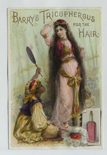1800's Barry's Tricopherous For Hair Advertising Trade Card Woman Servant cv1992
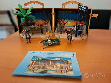 Cofanetto a forma di forziere con set “Isola dei pirati”, marca Playmobil.
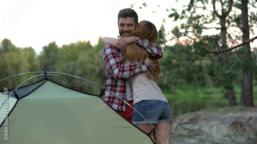 © motortion, Obraz premium Couple embracing, putting up tent, great teamwork, wilderness survival school
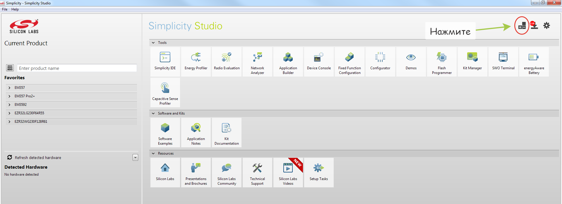 После того, как вы скачали и установили пакет Simplicity Studio, проверьте, установлено ли Wireless-расширение.
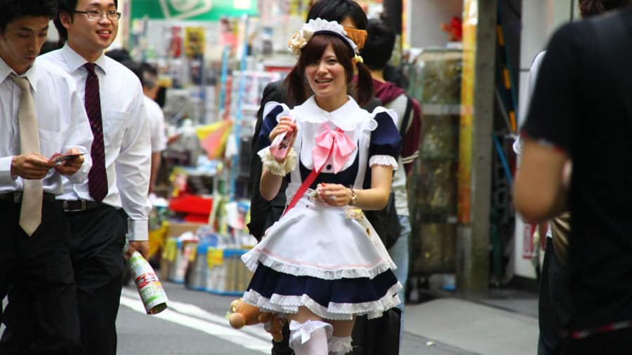Ici, vous plongerez directement dans l’univers Kawaï. Le concept est totalement décalé! On vient boire un verre dans un environnement très enfantin et servi par des soubrettes issues de l’univers manga. Les soubrettes, ce sont des jeunes filles, qui portent un uniforme de domestique et qui vous servent à boire et à manger tout en vous distrayant (chansons, spectacles, animations…)L’entrée a un coût différent en journée (500¥/p) ou en soirée (800¥/p) et une fois à l’intérieur, vous devrez consommer obligatoirement soit une boisson accompagnée de bonbons soit déguster des glaces en forme de chats, d’oursons, de tortues. Des petits jouets vous sont également proposés pour vous imprégner de l’atmosphère, nous, nous avions des oreilles de bunny. Au moment du service, une grande partie de fou rire vous attend avec le petit cérémonial l’accompagnant. On ne vous en dit pas plus, et on vous laisse le découvrir par vous-même. Attention photos interdites à l’intérieur et interdiction de les toucher. Dernière précision qui a son importance, ce bar n’a absolument aucun caractère sexuel bien au contraire. D’ailleurs, nous avons été très étonnés de trouver un public assez varié: jeunes adultes de 18 ans mais aussi des couples, des groupes d’amies, des familles et même des hommes d’affaires venus avec leur mallette! Soyez donc respectueux avec elles. Vous trouverez ces bars un peu partout dans le quartier d’Akihabara à Tokyo. Nous, nous avons testé celui de Calaugh.

* _WORK REQUIRED_
Would you print all of the material exactly as written, minus the pictures?

* _WRITTEN RESPONSE_
1800's Barry's Tricopherous For Hair Advertising Trade Card Woman Servant cv1992
 Cofanetto a forma di forziere con set “Isola dei pirati”, marca Playmobil.
 © motortion, Obraz premium Couple embracing, putting up tent, great teamwork, wilderness survival school
 После того, как вы скачали и установили пакет Simplicity Studio, проверьте, установлено ли Wireless-расширение.
Ici, vous plongerez directement dans l’univers Kawaï. Le concept est totalement décalé! On vient boire un verre dans un environnement très enfantin et servi par des soubrettes issues de l’univers manga. Les soubrettes, ce sont des jeunes filles, qui portent un uniforme de domestique et qui vous servent à boire et à manger tout en vous distrayant (chansons, spectacles, animations…)L’entrée a un coût différent en journée (500¥/p) ou en soirée (800¥/p) et une fois à l’intérieur, vous devrez consommer obligatoirement soit une boisson accompagnée de bonbons soit déguster des glaces en forme de chats, d’oursons, de tortues. Des petits jouets vous sont également proposés pour vous imprégner de l’atmosphère, nous, nous avions des oreilles de bunny. Au moment du service, une grande partie de fou rire vous attend avec le petit cérémonial l’accompagnant. On ne vous en dit pas plus, et on vous laisse le découvrir par vous-même. Attention photos interdites à l’intérieur et interdiction de les toucher. Dernière précision qui a son importance, ce bar n’a absolument aucun caractère sexuel bien au contraire. D’ailleurs, nous avons été très étonnés de trouver un public assez varié: jeunes adultes de 18 ans mais aussi des couples, des groupes d’amies, des familles et même des hommes d’affaires venus avec leur mallette! Soyez donc respectueux avec elles. Vous trouverez ces bars un peu partout dans le quartier d’Akihabara à Tokyo. Nous, nous avons testé celui de Calaugh.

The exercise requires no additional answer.